Этот парень развращает мои мысли. Он вторгается в мои мысли.

Я думаю, как Стерлинг выглядел всего несколько минут назад, сидя на нашем диване. Он выделяется в своих выцветших джинсах и темно-серой майке с длинным рукавом — идеальное сочетание с глазами. Этот парень сексуален, даже не пытаясь быть сексуальным. Она просто сочится от него, как феромон, привлекая любую возбужденную самку в радиусе пяти миль. Сегодня вечером я, похоже, стала этой девушкой.

— Это ласточка… его татуировка. — Говорю я ей. — Ой! — Пламя спички догорает до кончика моего пальца, и я задуваю то, что от нее осталось, желая, чтобы загорелось мое платье, чтобы у меня был повод сбегать наверх и переодеться. Не поймите меня неправильно. У моей мамы отличный вкус в том, что молодо и модно, нет ничего постыдно отвратительного, особенно когда она заботится о том, чтобы я в итоге нашла себе подходящего мистера, ну, ее мнение о подходящем мистере. Платье красное, короткое, с бретельками-спагетти, облегающий крой гарантированно выставит напоказ все мои достоинства. Это не коктейльное платье, а больше похоже на то, что Кира надела бы на вечеринку в выходные. Моя мама купила украшения и туфли на каблуках.

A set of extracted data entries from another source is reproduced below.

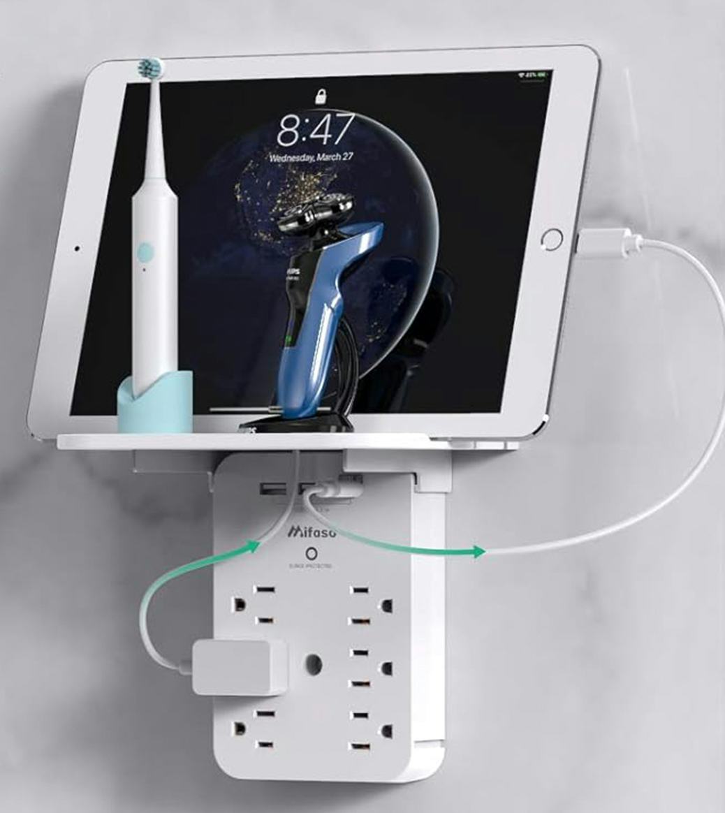 Place smart devices or Bluetooth speakers on the removable shelf that conveniently comes with this wall outlet extender. The shelf features a small cutout to thread cables through that are plugged into one of the six available AC units, two USB-A ports, or one USB-C port. Plug it into any standard outlet while a built-in surge protector keeps all your devices and circuits safe.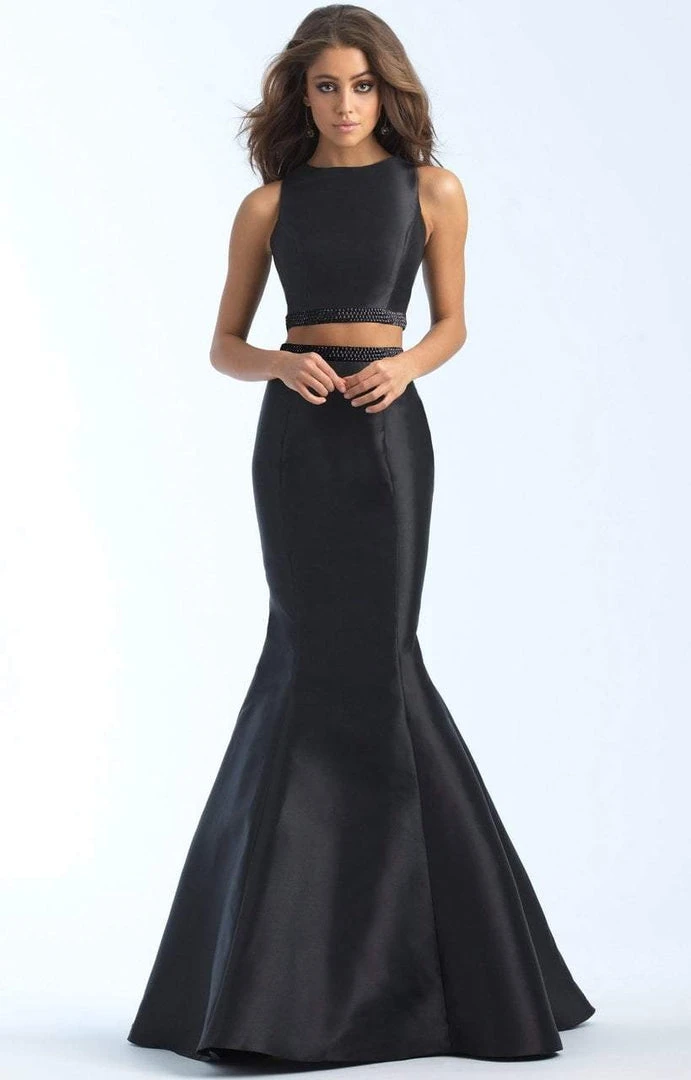 Shine with a chic and sweet style that flatters an hourglass figure in this sophisticated Madison James 18-731 creation. Elegantly crafted with seams on a sleek Mikado fabric, this lavish piece stuns with jewel neckline and a bow-accented cutout back on a cropped top. Trimmed with shimmering beaded bands along the midriff and the high waist, the mermaid skirt skims along the hips before flaring elegantly in waves that complete with a sweeping train. Look as exquisite as a regal goddess in this lustrous Madison James masterpiece.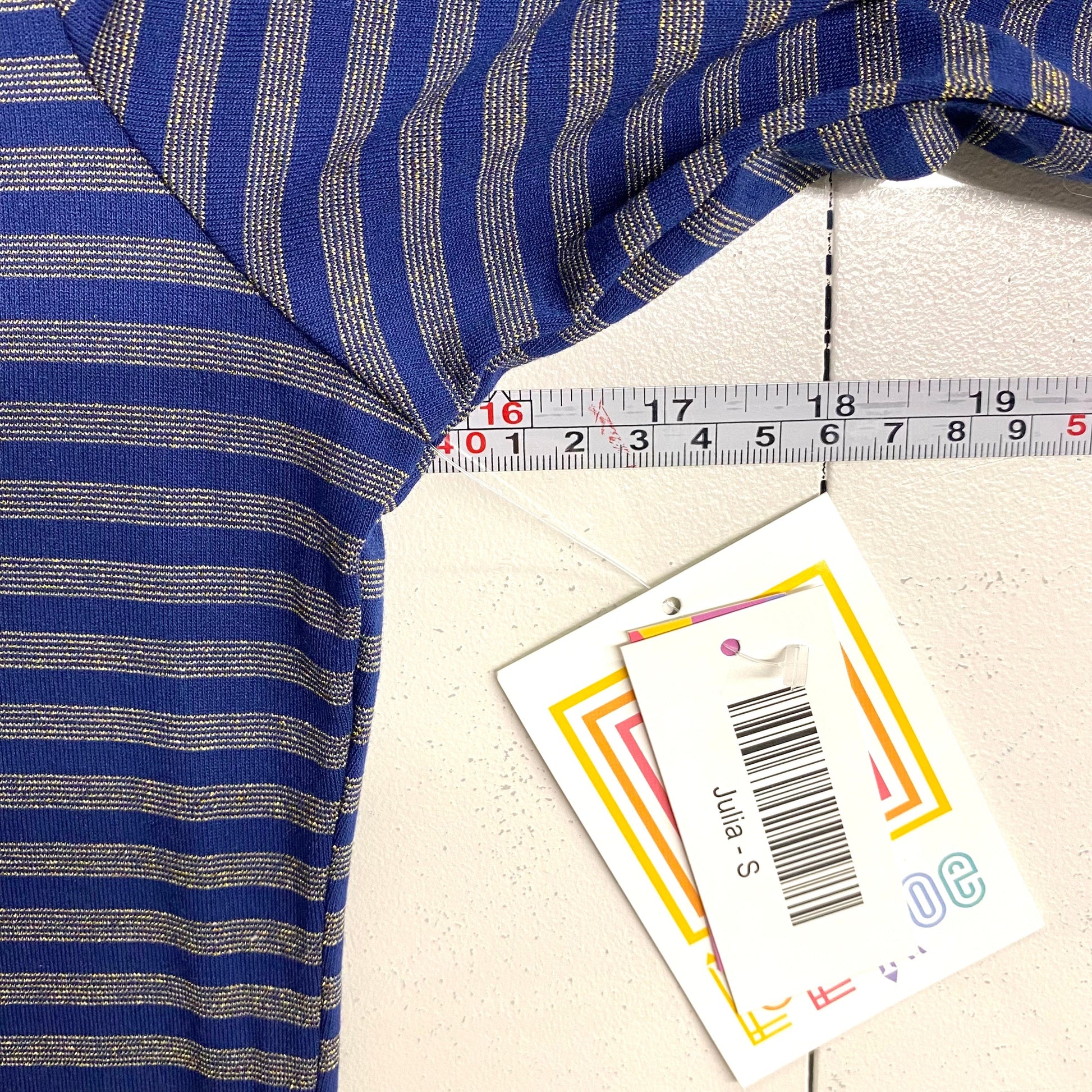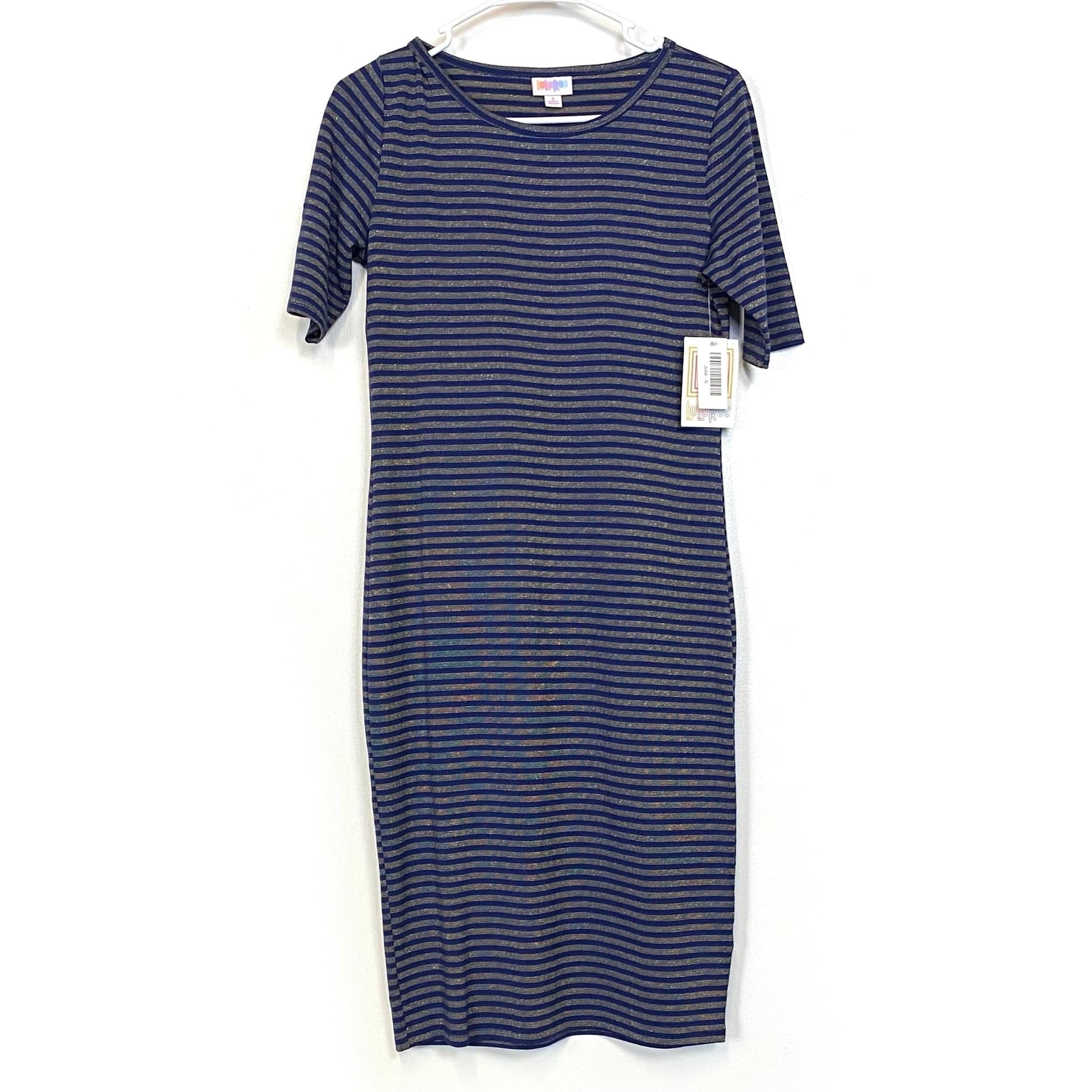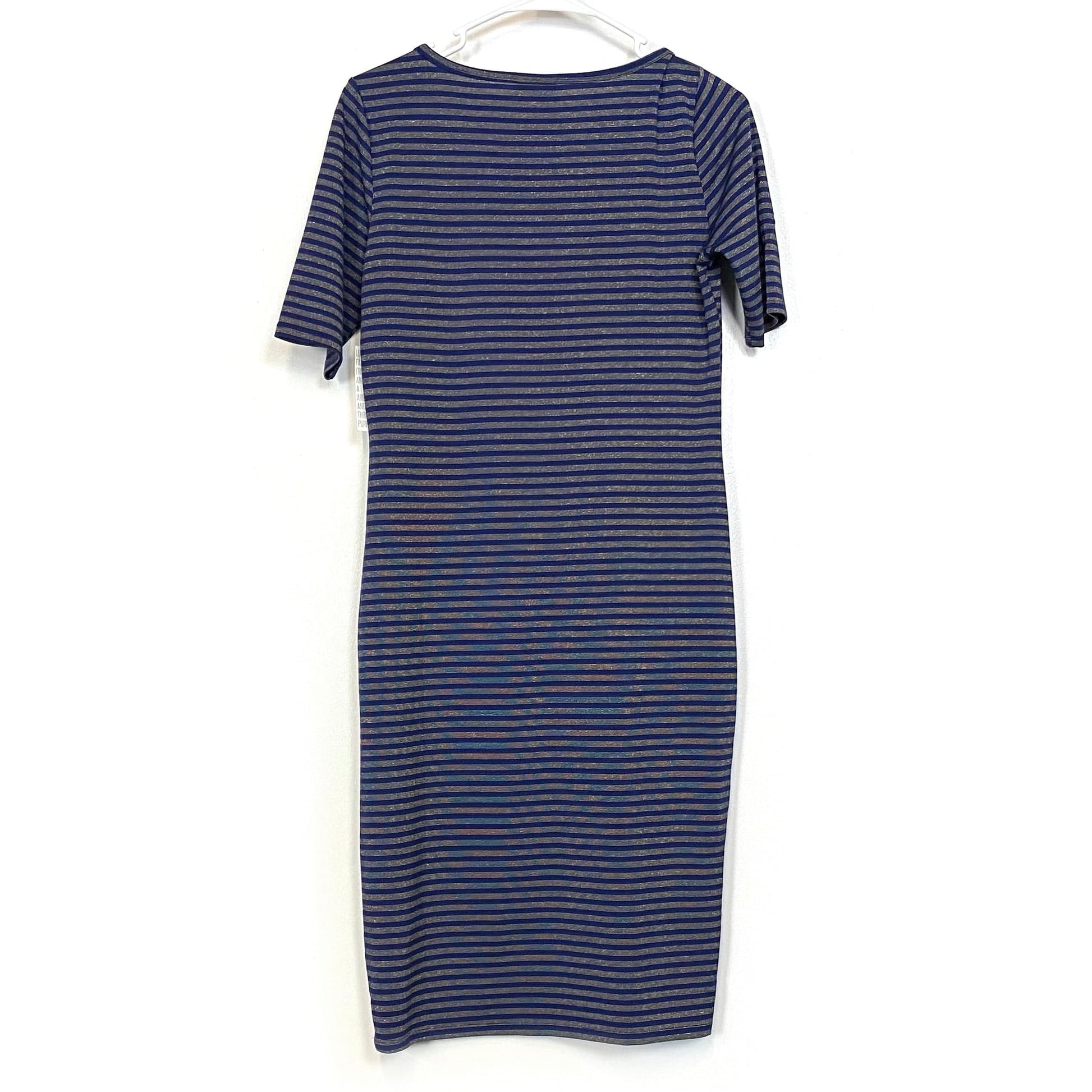 LuLaRoe Julia Bodycon Dress | S (4-6) | Blue/Gold | Striped | NWT

Каблуки меня убивают, и мой шрам виден, что означает, что я практически голая. Моя мама продолжает:

— Мне все равно, что это за татуировка. Это заставляет его выглядеть так, будто он происходит из белых отбросов, а не из семьи, которая благословила ребят. Я никогда не понимала таких людей, как он. — Я могу в это поверить. — Неблагодарный. Он явно на что-то подсел. Это видно по его глазам. Я не хочу, чтобы ты с ним разговаривала. Улыбайся и будь вежлива, но следи за серебром… Я слышала, что наркоманы закладывают его, чтобы заплатить за свою очередную наркоту.

Она откупоривает новую бутылку вина, давая ему подышать.

— Мама… ты слишком остро реагируешь.

Смирись или уходи. Это так просто. Ладно, возможно, она не слишком остро реагирует, но ей не нужно это знать.

— Просто не разговаривай с ним, Виктория, я серьезно. Одному Богу известно, какие неподобающие вещи лезут в голову этому парню, — предупреждает она.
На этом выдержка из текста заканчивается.